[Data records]

((

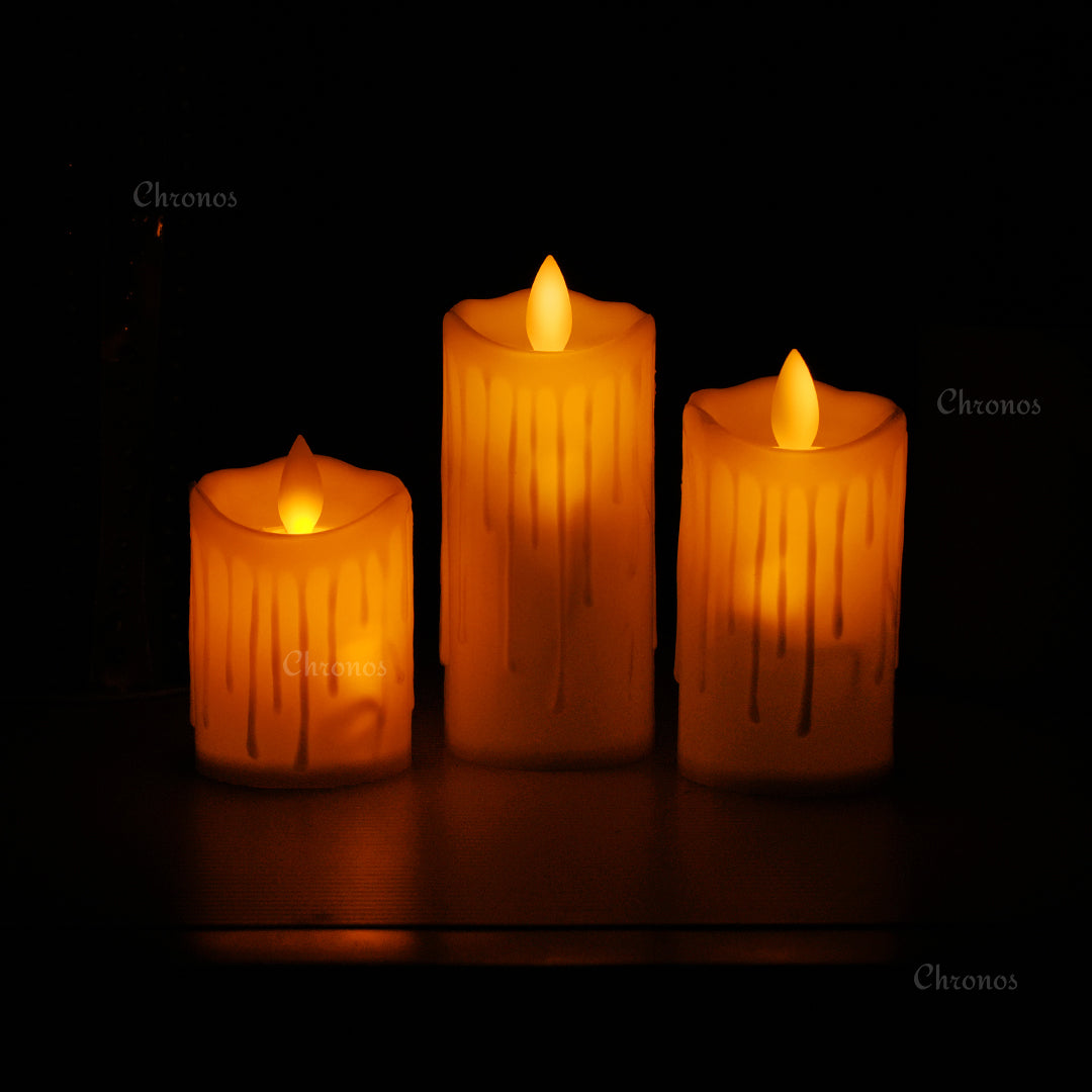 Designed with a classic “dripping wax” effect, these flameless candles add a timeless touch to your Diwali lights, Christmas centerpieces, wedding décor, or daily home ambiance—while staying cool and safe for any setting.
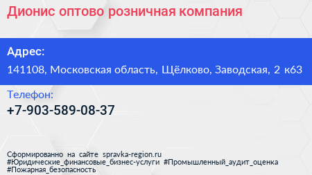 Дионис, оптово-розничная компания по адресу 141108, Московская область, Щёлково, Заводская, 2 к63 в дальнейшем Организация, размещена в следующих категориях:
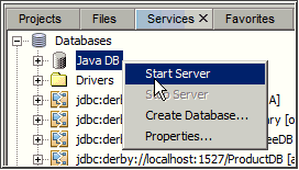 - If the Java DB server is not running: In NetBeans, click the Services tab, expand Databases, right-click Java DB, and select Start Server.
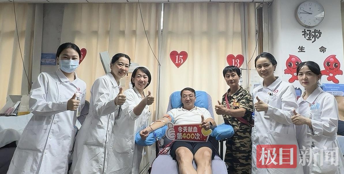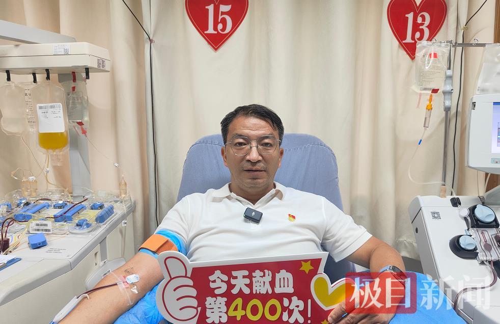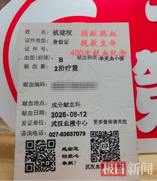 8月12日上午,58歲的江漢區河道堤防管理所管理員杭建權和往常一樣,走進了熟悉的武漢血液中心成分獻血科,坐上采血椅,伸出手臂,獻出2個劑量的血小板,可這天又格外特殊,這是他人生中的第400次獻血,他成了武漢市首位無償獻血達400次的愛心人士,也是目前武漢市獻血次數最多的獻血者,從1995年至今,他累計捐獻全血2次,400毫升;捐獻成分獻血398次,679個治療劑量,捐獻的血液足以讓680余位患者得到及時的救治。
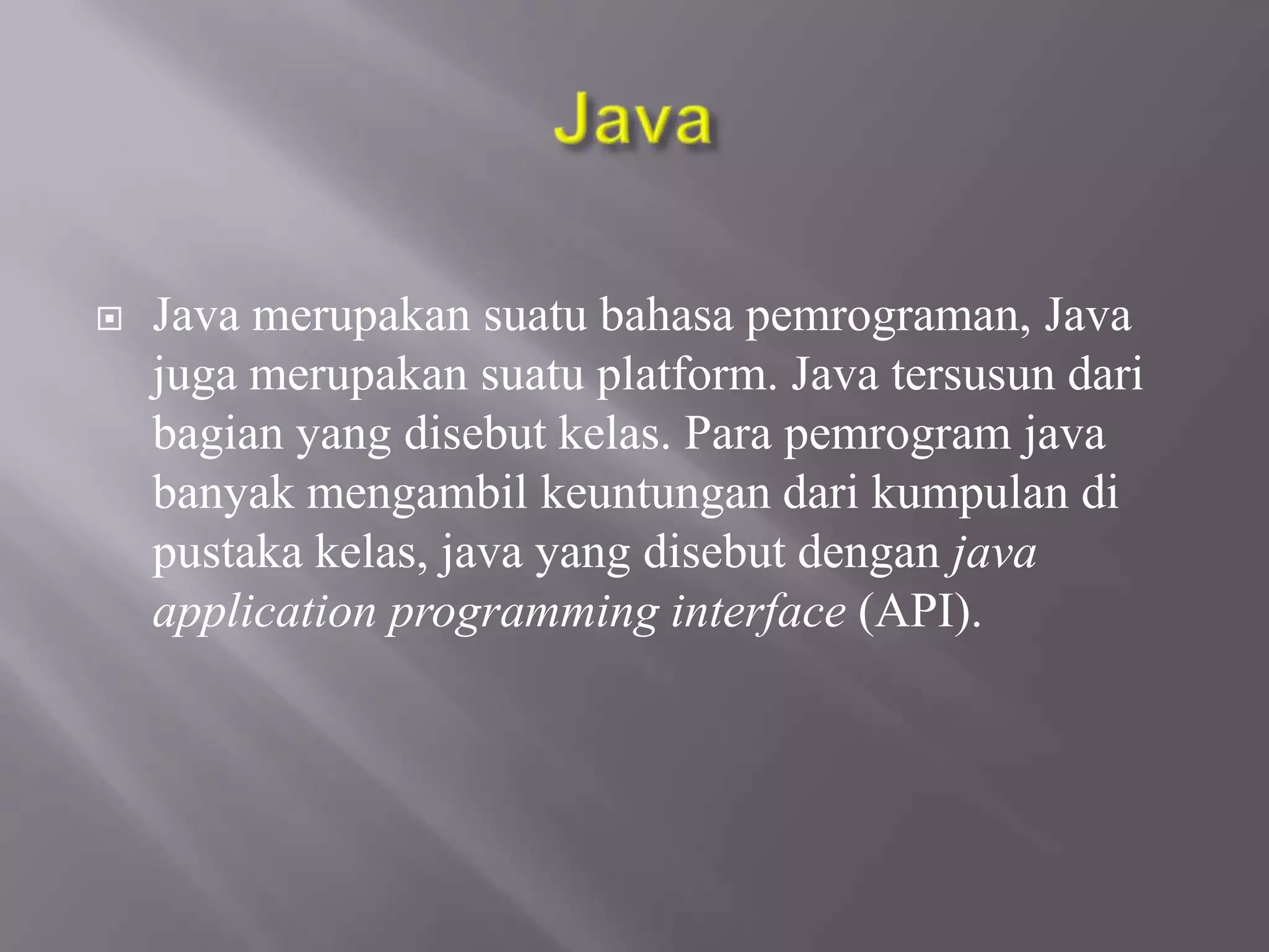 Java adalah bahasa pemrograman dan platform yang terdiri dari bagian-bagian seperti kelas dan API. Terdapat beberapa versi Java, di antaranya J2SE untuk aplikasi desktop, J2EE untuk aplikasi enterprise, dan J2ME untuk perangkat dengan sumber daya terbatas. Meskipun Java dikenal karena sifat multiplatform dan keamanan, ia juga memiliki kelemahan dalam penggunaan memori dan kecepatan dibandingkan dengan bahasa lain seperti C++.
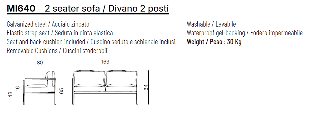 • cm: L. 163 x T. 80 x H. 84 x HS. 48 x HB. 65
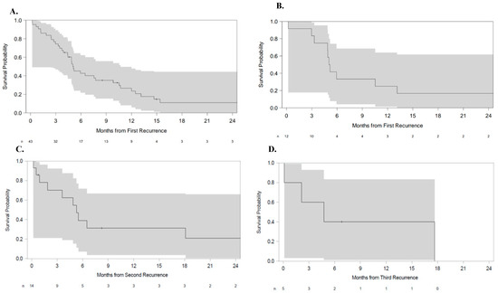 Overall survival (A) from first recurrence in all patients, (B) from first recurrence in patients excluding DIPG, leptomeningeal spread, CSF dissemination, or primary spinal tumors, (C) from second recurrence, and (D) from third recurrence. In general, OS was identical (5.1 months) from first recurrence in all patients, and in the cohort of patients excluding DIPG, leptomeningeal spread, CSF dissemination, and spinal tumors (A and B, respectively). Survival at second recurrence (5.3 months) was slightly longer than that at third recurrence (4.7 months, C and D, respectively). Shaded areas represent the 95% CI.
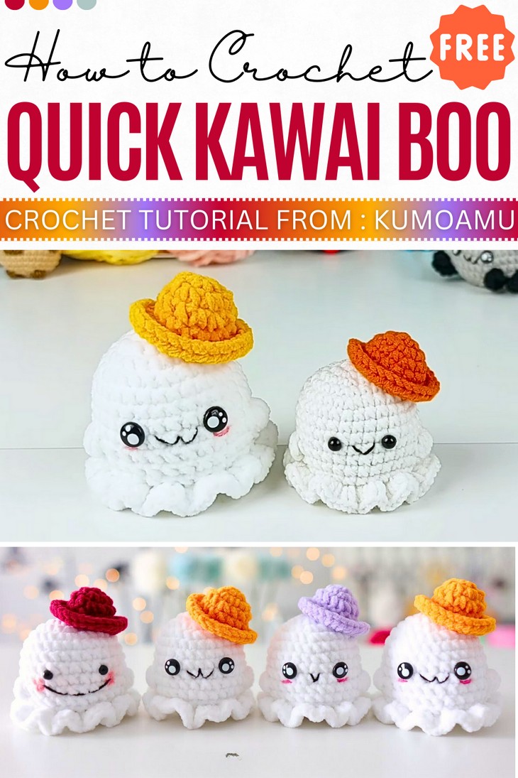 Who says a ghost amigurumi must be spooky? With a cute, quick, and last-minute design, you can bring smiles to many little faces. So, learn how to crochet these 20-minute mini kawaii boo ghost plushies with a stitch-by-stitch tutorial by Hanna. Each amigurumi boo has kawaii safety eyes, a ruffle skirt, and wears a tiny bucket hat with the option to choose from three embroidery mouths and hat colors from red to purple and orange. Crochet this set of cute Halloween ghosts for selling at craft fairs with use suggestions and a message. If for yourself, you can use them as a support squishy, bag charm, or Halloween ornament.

))

PROBLEM REQUIREMENTS:
Give again, exactly, the lines from the start of the data through the one holding "Дионис, оптово-розничная компания"; omit the pictures.

ANSWER BELOW:
 Designed with a classic “dripping wax” effect, these flameless candles add a timeless touch to your Diwali lights, Christmas centerpieces, wedding décor, or daily home ambiance—while staying cool and safe for any setting.
 Дионис, оптово-розничная компания по адресу 141108, Московская область, Щёлково, Заводская, 2 к63 в дальнейшем Организация, размещена в следующих категориях:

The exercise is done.